After another minute, she opened the back doors of the otherwise empty vehicle. I saw that the front part of the bus was cordoned off with yellow tape from floor to ceiling, formed into a large X with a box around it. I stepped inside of the bus and pulled my mask down and asked, “how long has that man been laying on the ground?” She looked at me in the rear view mirror as I went on. “Someone died on the corner by where I live the other day after he fell asleep. He was an old man, and that is an old man.
She replied, “have you said anything to him?” I shrugged and walked out as she watched. I stood above the man as he lay motionless. I said, “how are you doing?” He stirred in his sleep. He was alive, but I didn’t know what else to do with one man on the street, among many. He remained asleep and I don’t know if he’s dead today.
He was black, and I’m black, and the bus driver was black, and I hate what I imagine privileged white people will feel as I am saying this. I am imagining pity. I just hate it. I ask the universe to transmute my hatred daily. Constantly. I do this for my own personal reasons having to do with healing. Anyway, I don’t regard what happens to us as acceptable any more than I would regard what might happen to someone that I know personally as acceptable.
And, I have many people from my past, including friends and family members that I am no longer in communication with, and I tell myself that I don’t know what to do with them other than distance myself from them for my own emotional health, and this is another story, or perhaps, it is the same story. And perhaps healing my own personal anger is part of the same story.
I passed the bus driver as I continued on my walk and I looked up at her as she looked at me. I shrugged and she nodded.
I remember how my own family’s response to having me live with them last year as I struggled to stay housed was to turn me down summarily.
I had put the old man by the bus out of my mind by the time I woke up the next morning feeling tired even though I slept ten hours. It was hard for me to get out of bed. Since the shelter-in-place orders, aside from feeling next to nothing, I have been feeling my mortality. I ate the coconut yogurt that I made several weeks prior. I very much wanted to douse it with honey, even thought I don’t need sugars for six or seven really good reasons having to do with my general health and my relatively even-minded brand of sanity.
Technically, the yogurt still tasted good, and technically, I slept long enough, so maybe all of this is hard, even though I won’t run out of money by the end of the month for the first time since longer than I care to admit.
Maybe the black jogger, Ahmaud Marquez Arbery, that those two men shot is weighing on me. Or maybe my reading about that black paramedic, Breonna Taylor, that the police shot in her home after trying to serve an arrest warrant on the wrong residence weighs on me.

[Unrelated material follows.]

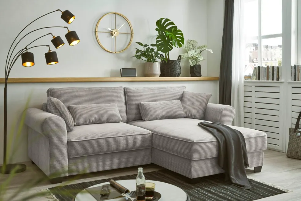 | Equipement canapés: | Dos habillé, Méridienne à droite ou à gauche, incl. coffre de lit, incl. coussins | ||

Maybe this tiredness ought to be happening because tiredness is my only possible reaction to what I witness with the emotional tools that I possess.
I’m going to talk with my editor about the plot to the novel I’m writing. I say that to help me embrace that this is not always how I will feel because this is a mere snapshot in time.
I want to believe that this time in human history, along with this helpless feeling and this dread, will pass on as part of something divined by the living earth, perhaps. I’m taking it upon myself to go a piece of the way toward my personal recovery from the western culture in which I am immersed, as I witness it stumbling and falling down.
Some days, I say to myself, I love this world so much, I want to watch it burn.
I want this instant to be one of seeing without mindlessly circumventing what is inside of me or in front of me. I want this to be an instant of reacting to things like old men who sleep or die on sidewalks next to empty buses as I wonder and wonder (don’t stop wondering) what I need to do next.